* [TASK DESCRIPTION] Begin at the line with "The Aorus X7" and set down each line exactly until the listing ends. Images stay out.

* [DATA SECTION]
↓
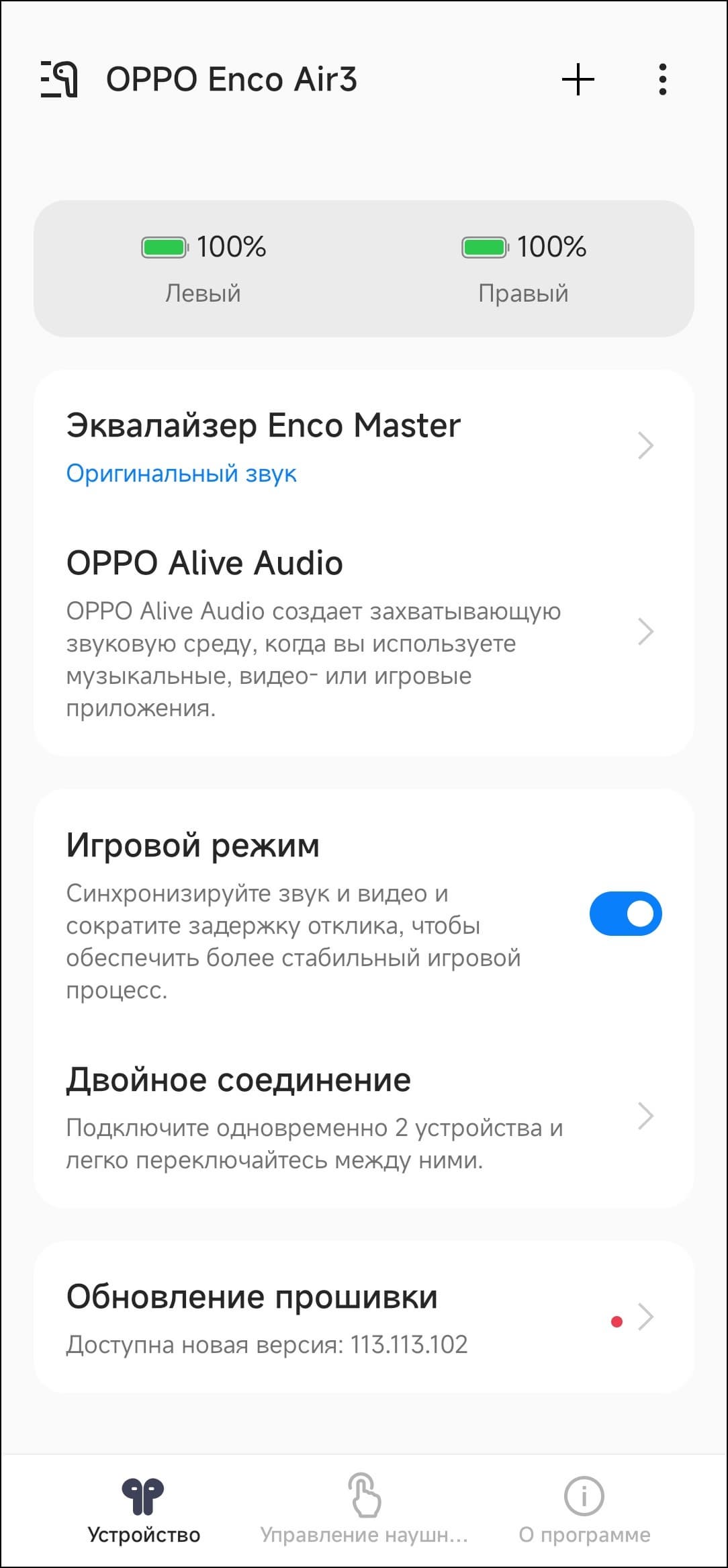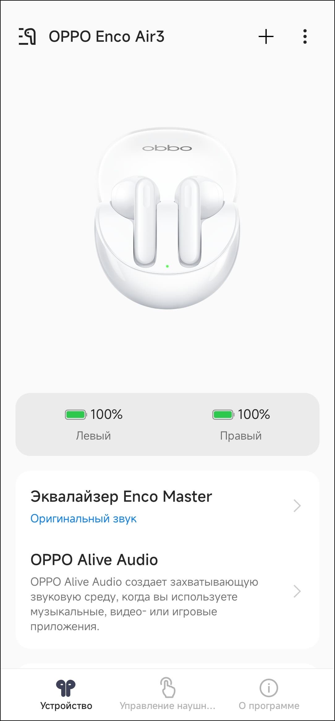 С главного экрана доступны выбор из трех пресетов эквалайзера и активация функции Alive Audio, предлагающей «объемный» звук в поддерживающих ее приложениях. Судя по тестовому контенту, она добавляет немного реверберации в звук, что действительно может создать иллюзию объема — в фильмах и играх можно попробовать, в музыке такое обычно звучит странно. Хотя некоторым слушателям может и понравиться — тут дело вкуса. Поэкспериментировать с этой функцией точно стоит — как-никак одна из главных «фишек» Enco Air3.
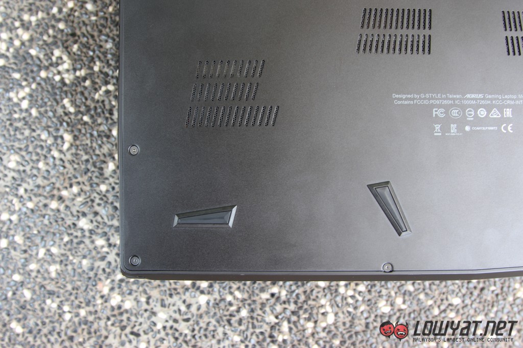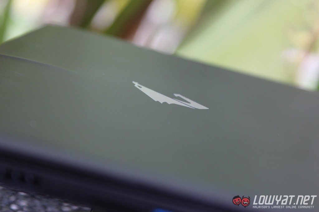 The Aorus X7 Pro will definitely turn heads with its striking design and the company’s eagle logo right in the centre of the lid. Resembling the beak of an eagle, the lid’s surface isn’t totally flat as there is a triangular bulge on the top with a slight fade of white paint.
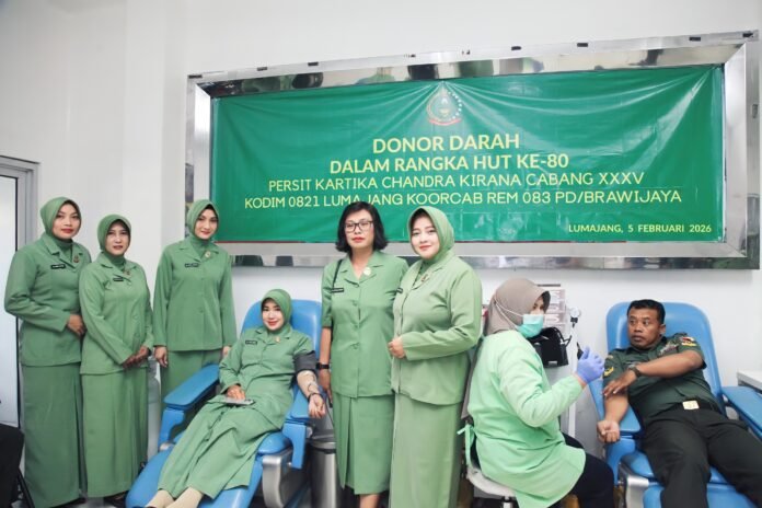 Lumajang – Dalam rangka memperingati Hari Ulang Tahun (HUT) ke-80 Persit Kartika Chandra Kirana tahun 2026, Persit Kartika Chandra Kirana Cabang XXXV Kodim 0821/Lumajang melaksanakan kegiatan bakti sosial donor darah. Kegiatan tersebut bertempat di Kantor Palang Merah Indonesia (PMI) Kabupaten Lumajang. Kamis(5/2/2026)
↑
* [TASK RESULT]
 The Aorus X7 Pro will definitely turn heads with its striking design and the company’s eagle logo right in the centre of the lid. Resembling the beak of an eagle, the lid’s surface isn’t totally flat as there is a triangular bulge on the top with a slight fade of white paint.
 Lumajang – Dalam rangka memperingati Hari Ulang Tahun (HUT) ke-80 Persit Kartika Chandra Kirana tahun 2026, Persit Kartika Chandra Kirana Cabang XXXV Kodim 0821/Lumajang melaksanakan kegiatan bakti sosial donor darah. Kegiatan tersebut bertempat di Kantor Palang Merah Indonesia (PMI) Kabupaten Lumajang. Kamis(5/2/2026)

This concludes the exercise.